In Japan, it is customary to serve alcoholic drinks with snacks called sakana (肴), shukō (酒肴), or otsumami (お摘み). These are usually quite salty and served in relatively small portions. Sakana are usually more substantial than tapas, although they are not considered a meal since they are not accompanied by rice. Traditionally, the Japanese regarded sake, which is made from rice, as a substitute for white rice served in a standard Japanese meal, and as a result some Japanese do not eat rice and drink alcohol simultaneously.

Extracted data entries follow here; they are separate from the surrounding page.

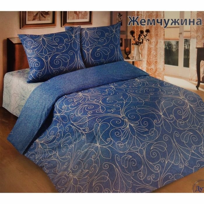 Постельное бельё евро"Традиция: Жемчужина», цвет голубой, 200×217 см,220×240, 70х70см — 2 шт
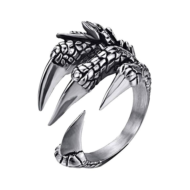 Vintage Punk Titanium Steel Eagle Dragon Claw Ring Gothic Halloween Jewelry for Men Open Rock Animal Skull Ring
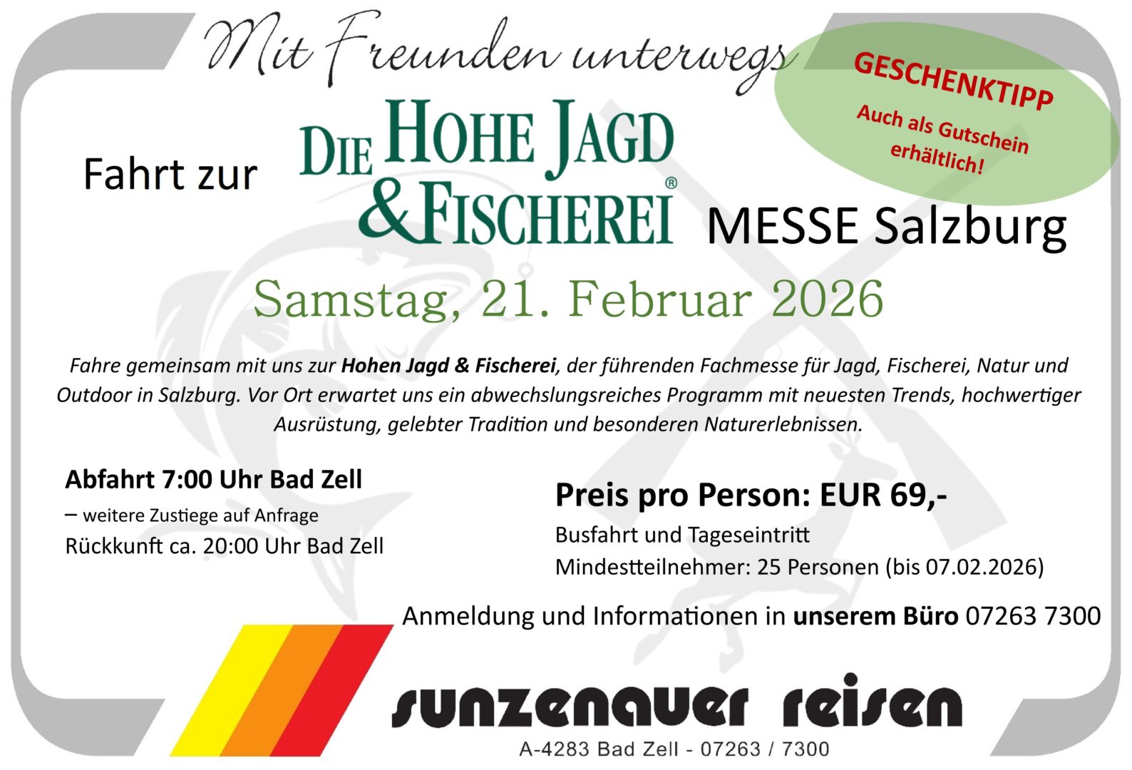 Veröffentlicht am 20. Dezember 202520. Dezember 2025Messe „Die Hohe Jagd & Fischerei“ 21. Februar 2026 Anmeldung telefonisch oder per Mail!
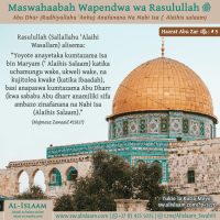 Abu Dhar (Radhiyallahu ‘Anhu) Anafanana Na Nabi Isa (‘ Alaihis salaam) Rasulullah (Sallallahu ‘Alaihi Wasallam) alisema, “Yoyote anayetaka kumtazama Isa bin Maryam (‘ Alaihis Salaam) katika uchamungu wake, ukweli wake, na kujitolea kwake (katika Ibaadah), basi anapaswa kumtazama Abu Dharr (kwa sababu Abu dharr anamiliki sifa ambazo zinafanana na Nabi …
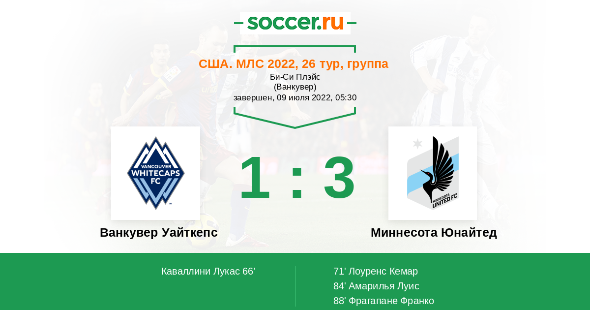 Протокол матча Ванкувер Уайткепс против Миннесота Юнайтед
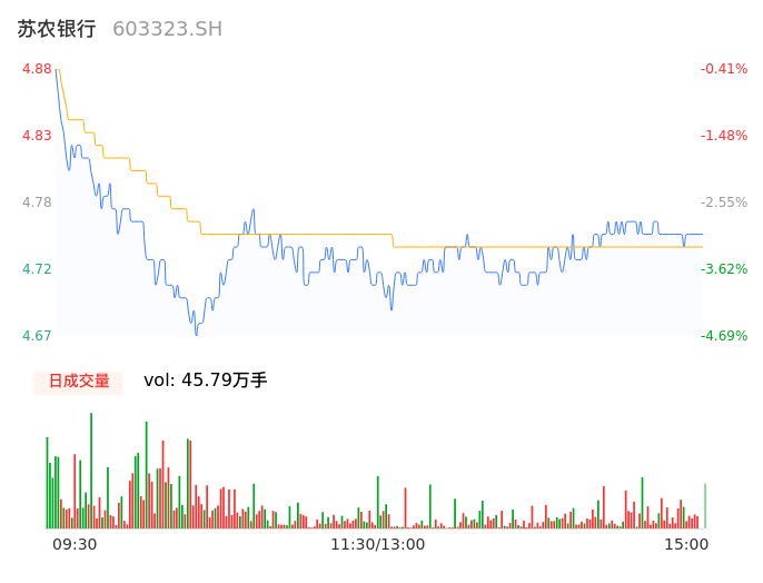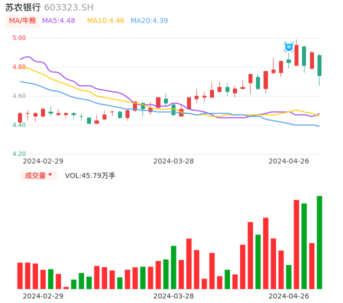 04月26日,苏农银行收报4.74,股价涨幅-3.27%,成交金额2.17亿元,换手率2.97%。
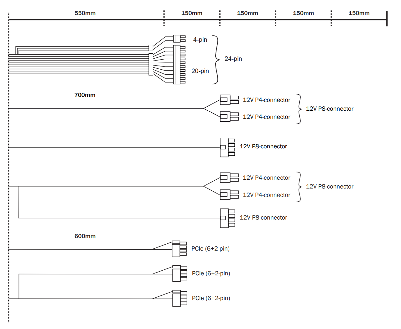 Das Problem wäre dann außerdem die Steckerverteilung (die Kabel kommen ja mit dem Netzteil), und das eine Kabel ist ja ein y Kabel von einer Rail auf 2x8pin, oder? Das ist ja dann noch dramatischer. Dann wären die 24A bzw 26A geshared auf die 2x8pin, und für das 6pin würden auch nur die hälfte gezogen werden von den 24/26A also 12/13A.

Sakana are served in drinking establishments known as izakaya. When first seated in an izakaya, an otōshi (お通し) or appetizer is placed on the table before any drinks are ordered. The otōshi is charged to the customer as a type of cover charge. Common otoshi include cabbage salad (often refilled free of charge), Japanese-style potato salad, tsukemono, and shiokara. Sakana are ordered throughout the time one is drinking and come to the table a few at a time. It is common to order a different kind of sakana as a shime, last dish. Shime are often softer dishes like noodles or sweeter dishes like tamagoyaki.

It is common for sakana to also be served at home or in private when alcohol is consumed. There are a variety of cookbooks that give examples of sakana that are easy to prepare at home. Combini and other stores that sell alcohol often have a selection of pre-packaged dried snacks, canned items, and pickles designed to be consumed as sakana.

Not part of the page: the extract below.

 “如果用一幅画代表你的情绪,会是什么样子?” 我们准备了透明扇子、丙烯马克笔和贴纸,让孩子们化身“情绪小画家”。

Sakana were originally designed to be paired with shochu or sake. Since the 19th century, the market share for Japanese beer has expanded in Japan. In 1959 beer overtook sake as the nation's most popular alcoholic beverage in taxable shipping volume, and at the same time various foods designed to accompany beer have become popular. There are also sakana designed to be paired with wine.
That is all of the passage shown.